In the material below, pictures must be dropped. Repeat exactly, and only, the lines from the line with "An antique stand" to the line with "Un bonito mono", both ends included.
+++ GIVEN INFORMATION
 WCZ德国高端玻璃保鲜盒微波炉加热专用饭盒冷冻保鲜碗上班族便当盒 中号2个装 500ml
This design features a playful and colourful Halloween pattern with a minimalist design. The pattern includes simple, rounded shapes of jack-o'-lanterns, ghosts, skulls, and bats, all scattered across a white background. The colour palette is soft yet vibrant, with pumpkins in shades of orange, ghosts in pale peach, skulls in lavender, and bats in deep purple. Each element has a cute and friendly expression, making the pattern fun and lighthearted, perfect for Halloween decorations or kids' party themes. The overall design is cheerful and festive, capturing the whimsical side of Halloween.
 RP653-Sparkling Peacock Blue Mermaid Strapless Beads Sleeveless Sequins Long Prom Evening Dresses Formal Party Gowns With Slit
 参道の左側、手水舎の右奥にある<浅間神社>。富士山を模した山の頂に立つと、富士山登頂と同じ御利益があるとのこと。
++++++
+++ GIVEN INFORMATION
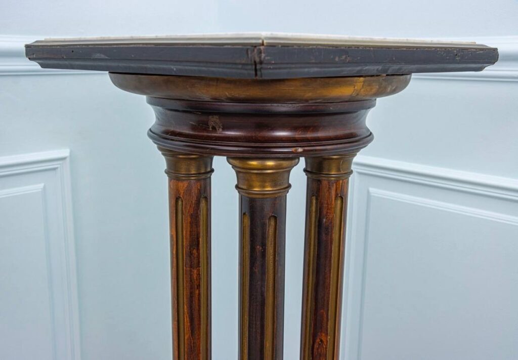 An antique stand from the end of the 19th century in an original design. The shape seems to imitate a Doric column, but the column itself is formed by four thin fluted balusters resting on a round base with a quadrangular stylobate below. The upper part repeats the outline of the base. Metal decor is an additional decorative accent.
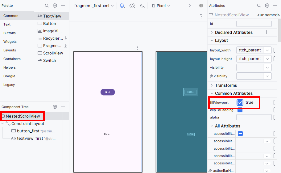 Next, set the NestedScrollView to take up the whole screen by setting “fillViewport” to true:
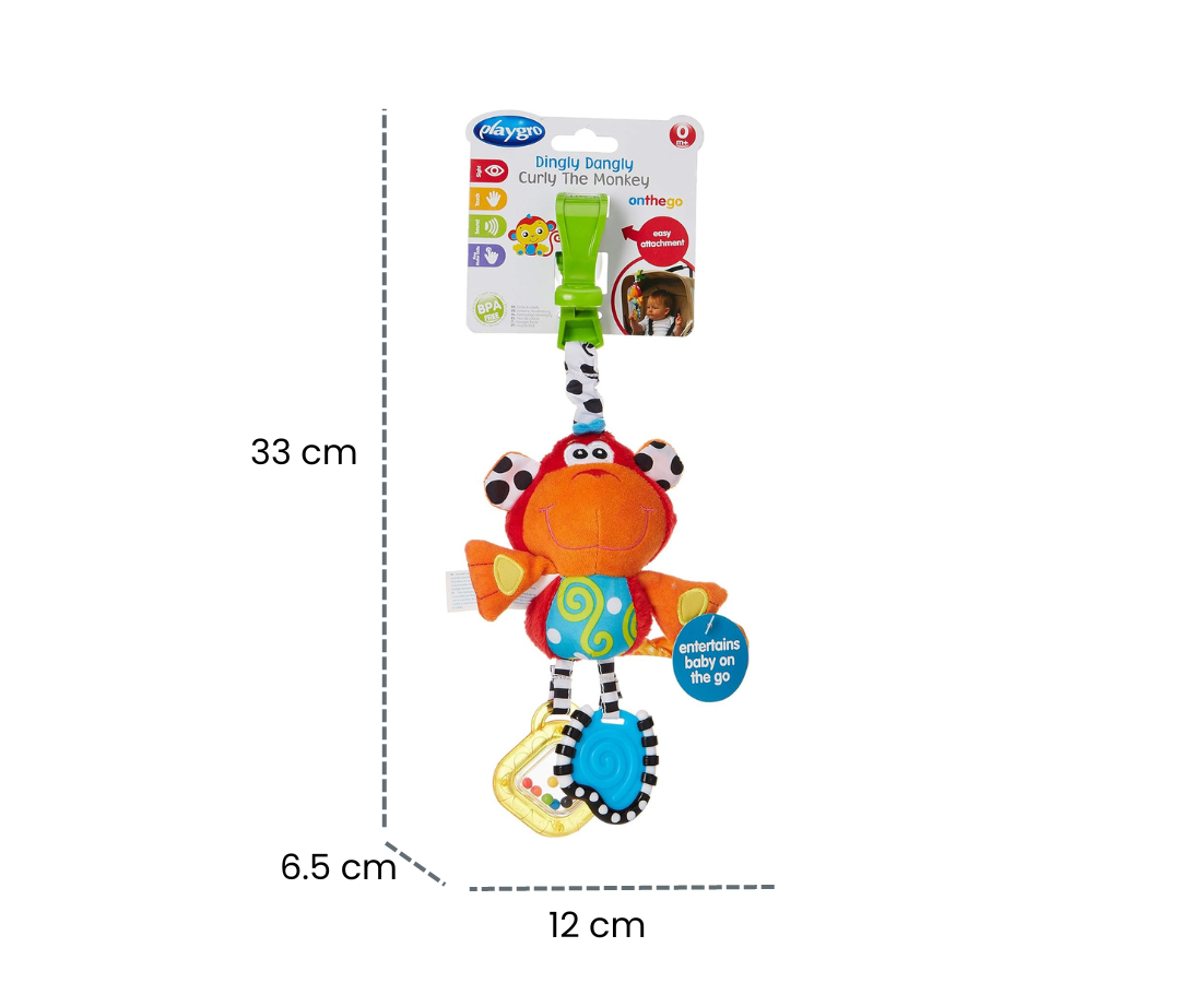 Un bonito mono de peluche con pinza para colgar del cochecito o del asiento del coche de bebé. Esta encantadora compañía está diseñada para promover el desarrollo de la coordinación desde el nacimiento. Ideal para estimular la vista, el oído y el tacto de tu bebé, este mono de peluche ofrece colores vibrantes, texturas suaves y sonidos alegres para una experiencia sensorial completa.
++++++
- **WRITTEN SOLUTION**
 An antique stand from the end of the 19th century in an original design. The shape seems to imitate a Doric column, but the column itself is formed by four thin fluted balusters resting on a round base with a quadrangular stylobate below. The upper part repeats the outline of the base. Metal decor is an additional decorative accent.
 Next, set the NestedScrollView to take up the whole screen by setting “fillViewport” to true:
 Un bonito mono de peluche con pinza para colgar del cochecito o del asiento del coche de bebé. Esta encantadora compañía está diseñada para promover el desarrollo de la coordinación desde el nacimiento. Ideal para estimular la vista, el oído y el tacto de tu bebé, este mono de peluche ofrece colores vibrantes, texturas suaves y sonidos alegres para una experiencia sensorial completa.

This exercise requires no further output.